Background and Purpose— Suboptimal choices of primary end point for acute stroke trials may have contributed to inconclusive results. The Barthel Index (BI) and Rankin Scale (RS) have been widely used and analyzed in various ways. We sought to investigate the most powerful end point for use in acute stroke trials.
Methods— Data from the Glycine Antagonist in Neuroprotection (GAIN) International Trial were used to simulate 24 000 clinical trials exploring various patterns and magnitudes of treatment effect and thus to estimate the statistical power for a range of end points based on the BI or RS.
Results— RS end points were more powerful than BI end points.
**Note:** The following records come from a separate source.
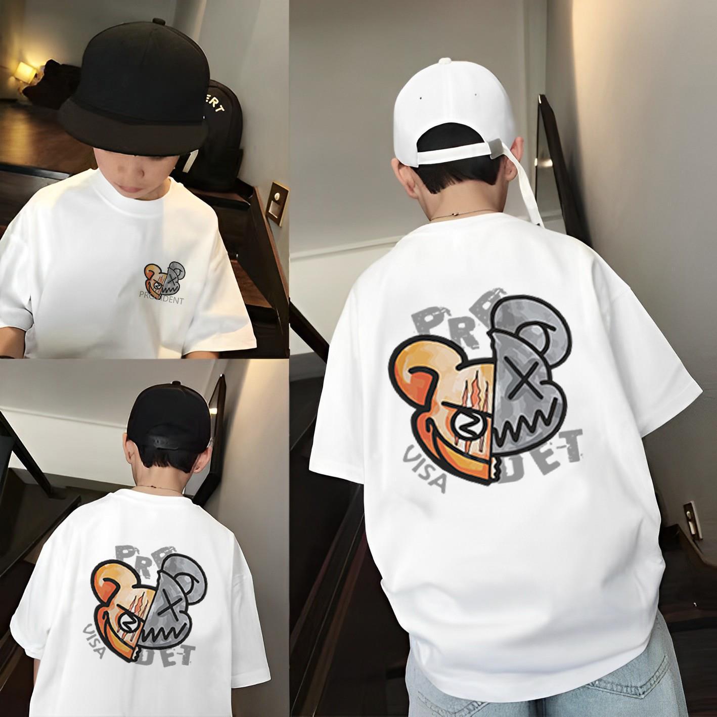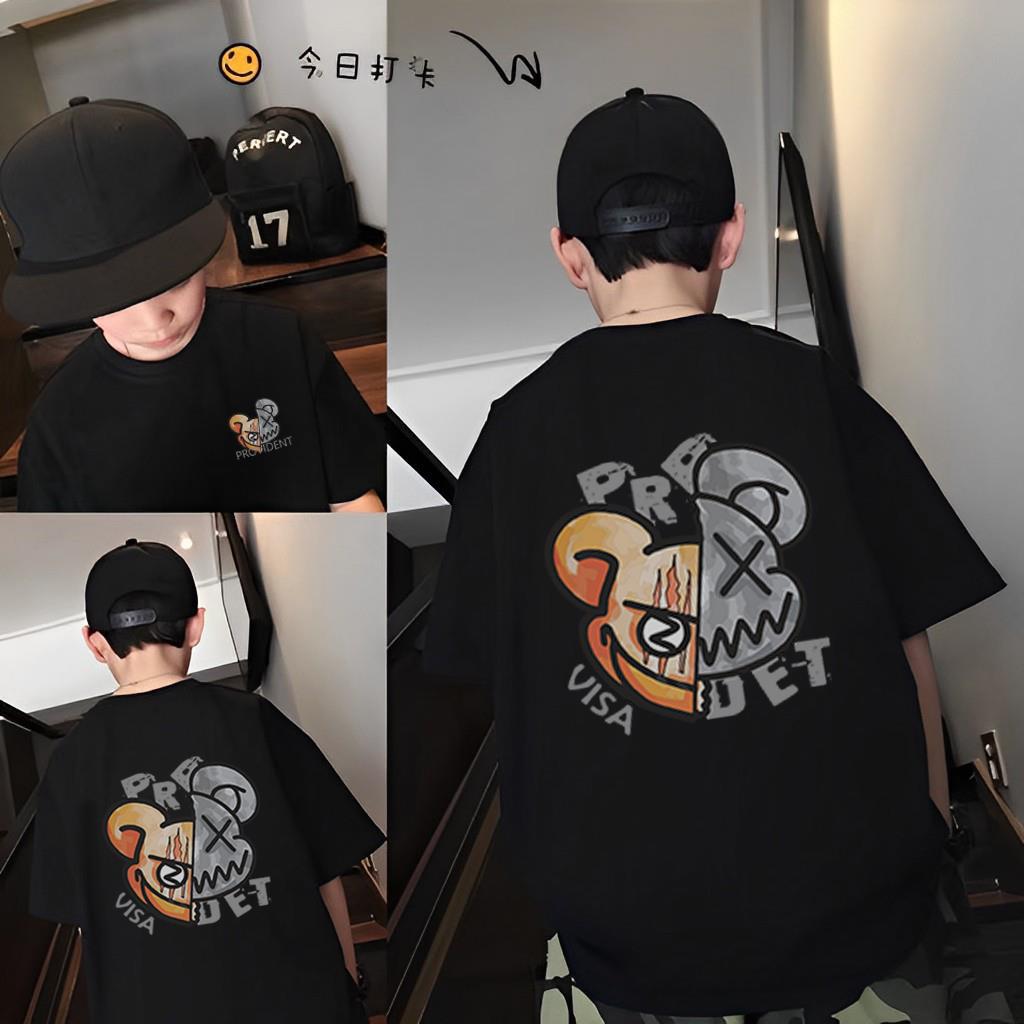 남아 면 반팔 티셔츠 대형 어린이 여름 한국 인쇄 탑 어린이 잘 생긴 소년 느슨한 티셔츠스토어 가기
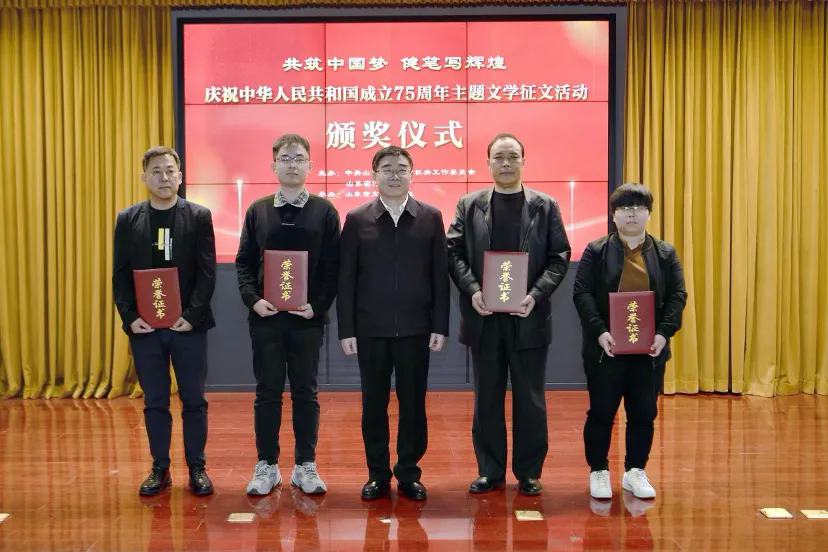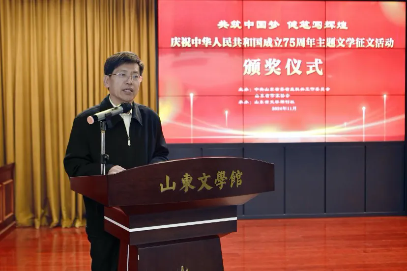 11月22日,由中共山東省委省直機(jī)關(guān)工作委員會、山東省作家協(xié)會主辦,山東省文學(xué)期刊社承辦的“共筑中國夢 健筆寫輝煌”慶祝中華人民共和國成立75周年主題文學(xué)征文活動頒獎儀式在山東省作家協(xié)會一樓多功能廳隆重舉行。山東省作協(xié)黨組書記、副主席趙藝丁,省作協(xié)黨組成員、副主席陳文東,省委宣傳部文藝處處長尹永海,省作協(xié)副主席、《山東文學(xué)》主編劉玉棟出席頒獎儀式并為獲獎作者頒獎,來自全省各地的20余位獲獎作者代表和省作協(xié)部分干部職工參加活動。
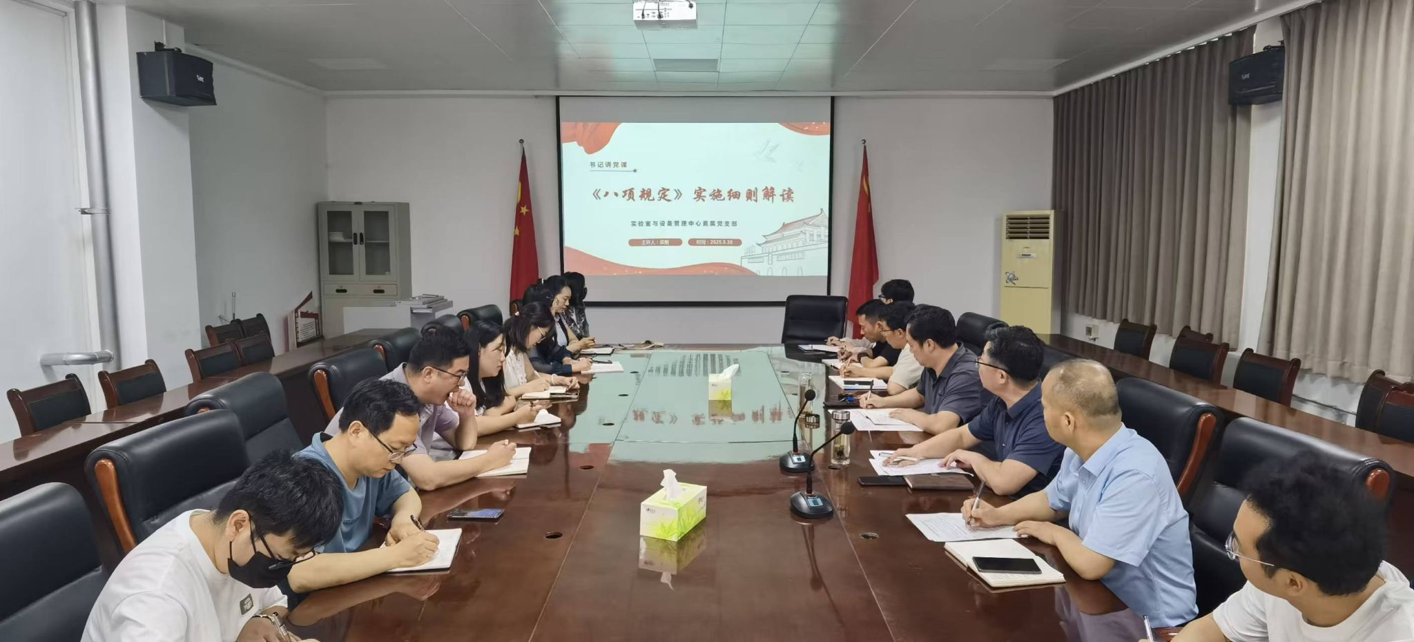 为进一步深入贯彻中央八项规定精神学习教育,5月30日下午,在西启智楼208会议室,实验室与设备管理中心直属党支部书记侯刚以《十八届中央政治局关于改进工作作风、密切联系群众的八项规定》(以下简称《八项规定》)实施细则解读为主题,为全体党员和入党积极分子上专题党课。
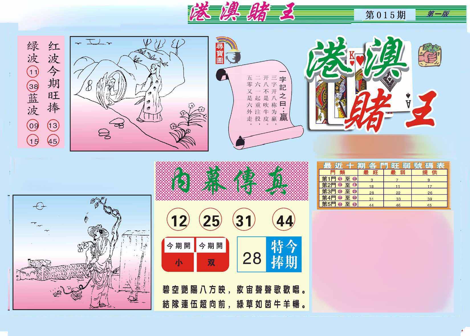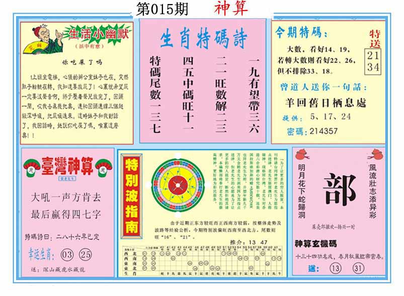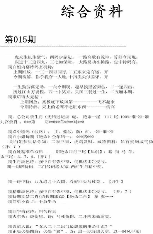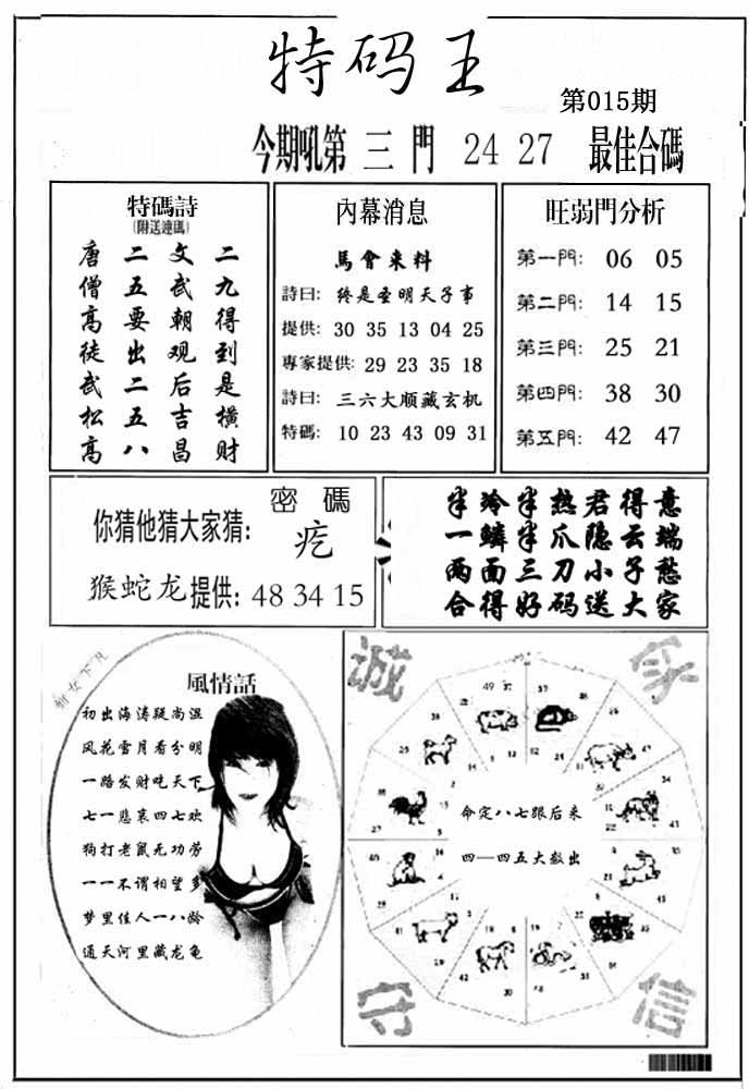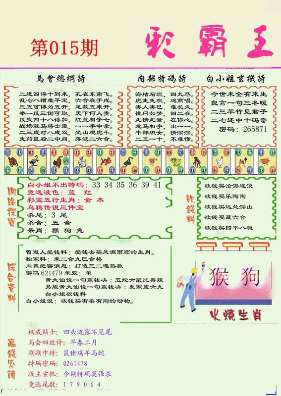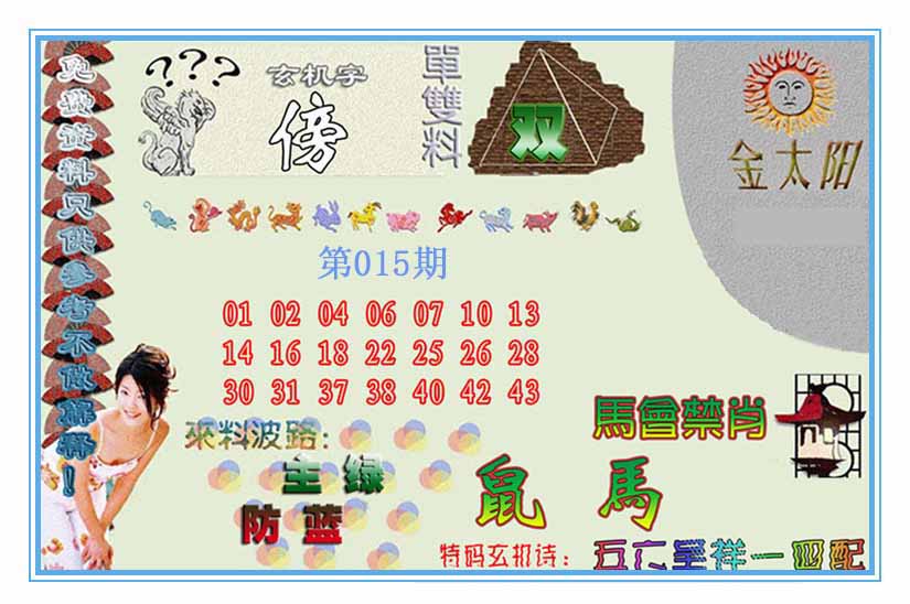015期澳门欲钱料 |

End points dichotomized toward the favorable extreme of either scale or adjusted according to baseline prognosis (“patient-specific” end point) were among the most powerful. Combining RS and BI in a “global” end point was also successful. Improvements in statistical power indicated that using a RS end point instead of BI ≥60 could reduce the sample size by up to 84% (95% CI, 80% to 87%), 73% (95% CI, 68% to 79%) for a patient-specific BI end point, or 81% (95% CI, 76% to 85%) for a global end point.
Conclusions— The RS and global end points are preferable to BI end points; the position of the cut point is also important. Better choices of end point substantially strengthen trial power for a given trial size or allow reduced sample sizes without loss of statistical power.
Most clinical trials in acute stroke have been unsuccessful in demonstrating a positive therapeutic effect. Neuroprotective trials have likely been underpowered to detect subtle but clinically important treatment effects. Statistical power is the probability that a statistical test identifies a significant treatment effect (where one truly exists) at a given significance level and sample size.1 Inappropriate choice of cut point for analysis of the outcome scale(s) may be one of several factors contributing to a lack of statistical power. Efforts must be made to optimize the analysis of clinical trials for both ethical and practical reasons.2
A variety of primary end points have been used in acute stroke trials. The Barthel Index (BI)3 and the modified Rankin Scale (RS)4 have been the most commonly used disability outcome measures. The BI is a 10-item scale in which disability is assessed on various aspects of self-care, such as dressing and toilet use. It has a maximum score of 100 (fully independent, physically functioning). The RS is a 6-point scale in which a patient is rated from 0 (no symptoms) to 5 (severe disability). Both the RS and BI have been shown to be reliable and valid for use in stroke5; however, the RS may be less reproducible because of its relative lack of structure.6
To date, functional outcome scores have usually been dichotomized as favorable versus unfavorable, although there is little consensus on the optimal cut point,7 and selection of this is often arbitrary. The most commonly used end point in published trials has been the BI cut point at 60, at which a patient is thought to be capable of independence from full-time care.8 BI cut points have ranged from 55 to 100.5 The RS has been used less frequently, although outcomes of ≤2 (slight or no disability) and ≤1 (no significant disability) have been utilized. A trichotomized BI end point (split into 3 categories) has also been used.9
The BI has a U-shaped distribution, in which patient outcomes cluster at the extremes. The quarter of patients who die are arbitrarily scored 0; the 40% who recover are scored 95 or 100. Since the remaining third have BI scores distributed between 5 and 90, any cut point selected within this range will have a small number of patients populating the adjacent categories: as few as 5% of the patients may lie 5 or 10 points below a cut point of 60. If it is assumed that a drug treatment effect will improve patients by only 1 or 2 BI categories and that not all patients will improve, the potential to detect such a small shift must be negligible. In contrast, patients are more heavily represented around BI 95, and here small improvements applying to a larger number of subjects may be more readily detected. Clearly, however, dichotomization at this mild end of the scale disadvantages the contribution of more severely affected patients; on average, their outcomes will be much poorer, and small but valuable improvements caused by treatment would not be measured. To allow both mildly and moderately severely affected patients to contribute to the significance test, a second cut point can be added, forming a trichotomized analysis.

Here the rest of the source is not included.